Dataset excerpts:
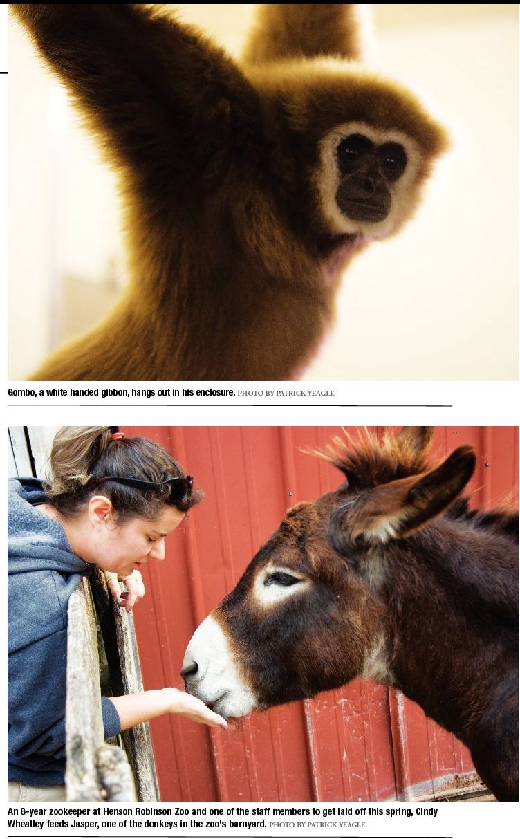 “Layoffs were the last thing we wanted to do,” says zoo director Talon Thornton, adding that most other line items took hits as well. He highlights the fact that salaries, before the layoffs, made up about $549,000 of the zoo’s $711,000 budget in fiscal year 2009-2010. With the layoffs, salaries will cost the zoo about $413,000, for a savings of about $136,000.
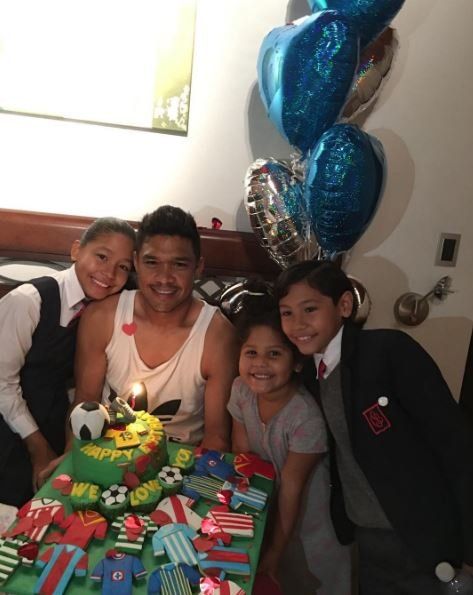 El colombiano recibió el amor de sus hijos y una grata sorpresa: una torta decorada con las camisetas de casi todos los equipos por los que pasó en su carrera.
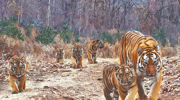 Дива амурска тигрица и нейните пет малки са заснети на камера в Националния парк за тигри и леопарди в Североизточен Китай в Хунчун, провинция Джилин, през ноември. КИТАЙ ДЕЙЛИ
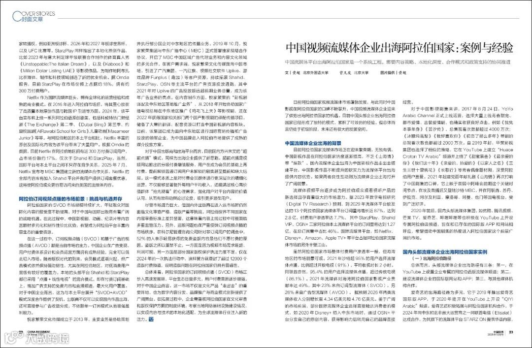 总之,中国流媒体平台出海阿拉伯国家是一个系统工程,需要内容策略、本地化深度、合作模式和政策支持的协同推进。通过精耕细作和长期投入,中国流媒体平台有望在这一重要市场取得突破性进展,成为中阿文化交流与合作的数字桥梁。
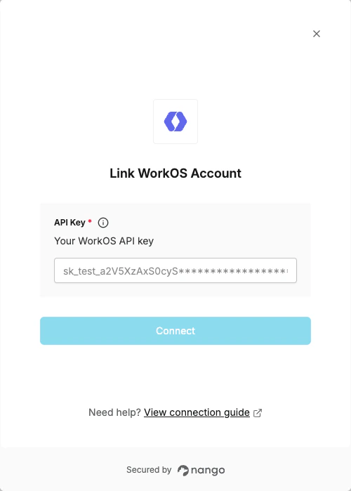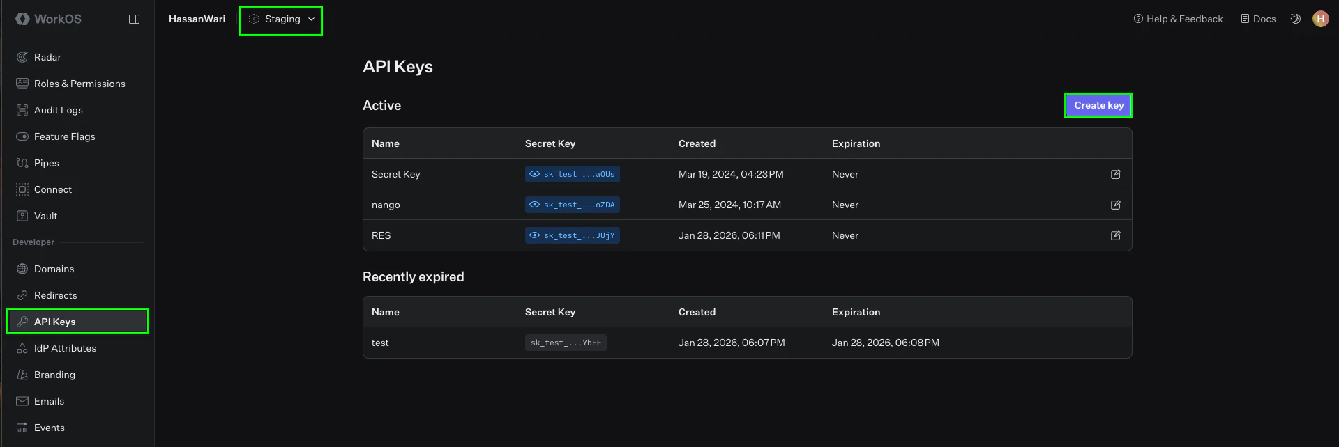 To authenticate with WorkOS, you will need:- API Key - Your WorkOS API key (prefixed with
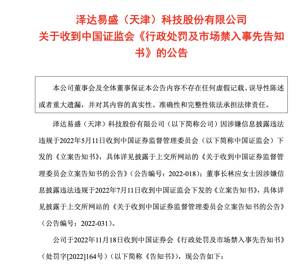 目前,*ST泽达表示,尚未收到就上述立案调查事项的正式处罚决定。
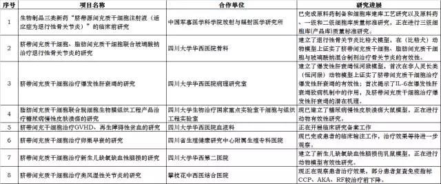 同時,實驗室還與中國軍事醫(yī)學科學院、四川大學華西醫(yī)院、四川省生殖健康研究中心、四川大學華西第二醫(yī)院、攀枝花中西醫(yī)結合醫(yī)院等開展臍帶間充質干細胞臨床研究如下:
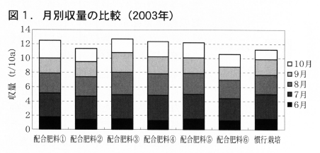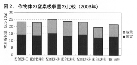 慣行栽培区については,県基準に従い基肥に燐硝安加里S604+油粕(N:25kg/10a),追肥に燐硝安加里S646+油粕(N:3kg/10a×5回)を施用した。なお,本試験における施肥方法は,畦全面に表層施肥した後,作土深20cmで土壌混和した。
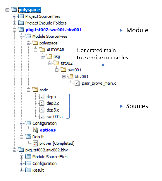 Используя информацию в AUTOSAR XML, Polyspace for AUTOSAR создает проект с отдельным модулем для каждого компонента программного обеспечения. В одном модуле Polyspace собирает исходный код (.c и .h файлы), содержащие реализацию всех исполняемых таблиц в программном компоненте и генерирующие любые дополнительные заголовочные файлы, необходимые для реализации.
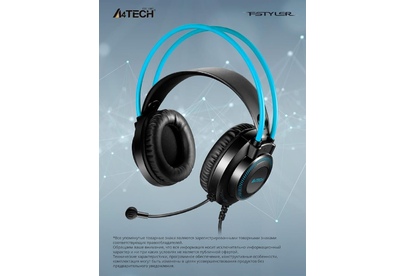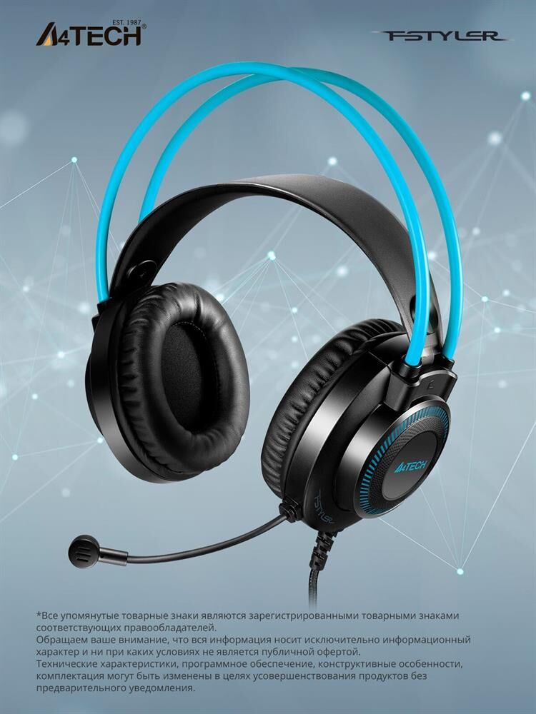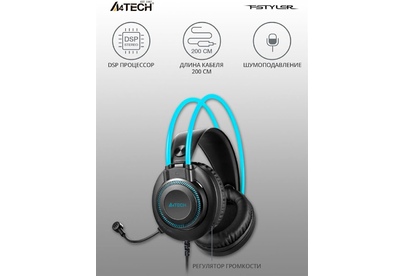 Наушники A4TECH Fstyler FH200U серый/синий 2м накладные USB оголовье (FH200U BLUE)

| ACTIVITY |
Return every entry word for word, but drop any pictures.

| SOLUTION TO THE EXERCISE |
 “Layoffs were the last thing we wanted to do,” says zoo director Talon Thornton, adding that most other line items took hits as well. He highlights the fact that salaries, before the layoffs, made up about $549,000 of the zoo’s $711,000 budget in fiscal year 2009-2010. With the layoffs, salaries will cost the zoo about $413,000, for a savings of about $136,000.
 El colombiano recibió el amor de sus hijos y una grata sorpresa: una torta decorada con las camisetas de casi todos los equipos por los que pasó en su carrera.
 Дива амурска тигрица и нейните пет малки са заснети на камера в Националния парк за тигри и леопарди в Североизточен Китай в Хунчун, провинция Джилин, през ноември. КИТАЙ ДЕЙЛИ
 总之,中国流媒体平台出海阿拉伯国家是一个系统工程,需要内容策略、本地化深度、合作模式和政策支持的协同推进。通过精耕细作和长期投入,中国流媒体平台有望在这一重要市场取得突破性进展,成为中阿文化交流与合作的数字桥梁。
 To authenticate with WorkOS, you will need:- API Key - Your WorkOS API key (prefixed with
 目前,*ST泽达表示,尚未收到就上述立案调查事项的正式处罚决定。
 同時,實驗室還與中國軍事醫(yī)學科學院、四川大學華西醫(yī)院、四川省生殖健康研究中心、四川大學華西第二醫(yī)院、攀枝花中西醫(yī)結合醫(yī)院等開展臍帶間充質干細胞臨床研究如下:
 慣行栽培区については,県基準に従い基肥に燐硝安加里S604+油粕(N:25kg/10a),追肥に燐硝安加里S646+油粕(N:3kg/10a×5回)を施用した。なお,本試験における施肥方法は,畦全面に表層施肥した後,作土深20cmで土壌混和した。
 Используя информацию в AUTOSAR XML, Polyspace for AUTOSAR создает проект с отдельным модулем для каждого компонента программного обеспечения. В одном модуле Polyspace собирает исходный код (.c и .h файлы), содержащие реализацию всех исполняемых таблиц в программном компоненте и генерирующие любые дополнительные заголовочные файлы, необходимые для реализации.
 Наушники A4TECH Fstyler FH200U серый/синий 2м накладные USB оголовье (FH200U BLUE)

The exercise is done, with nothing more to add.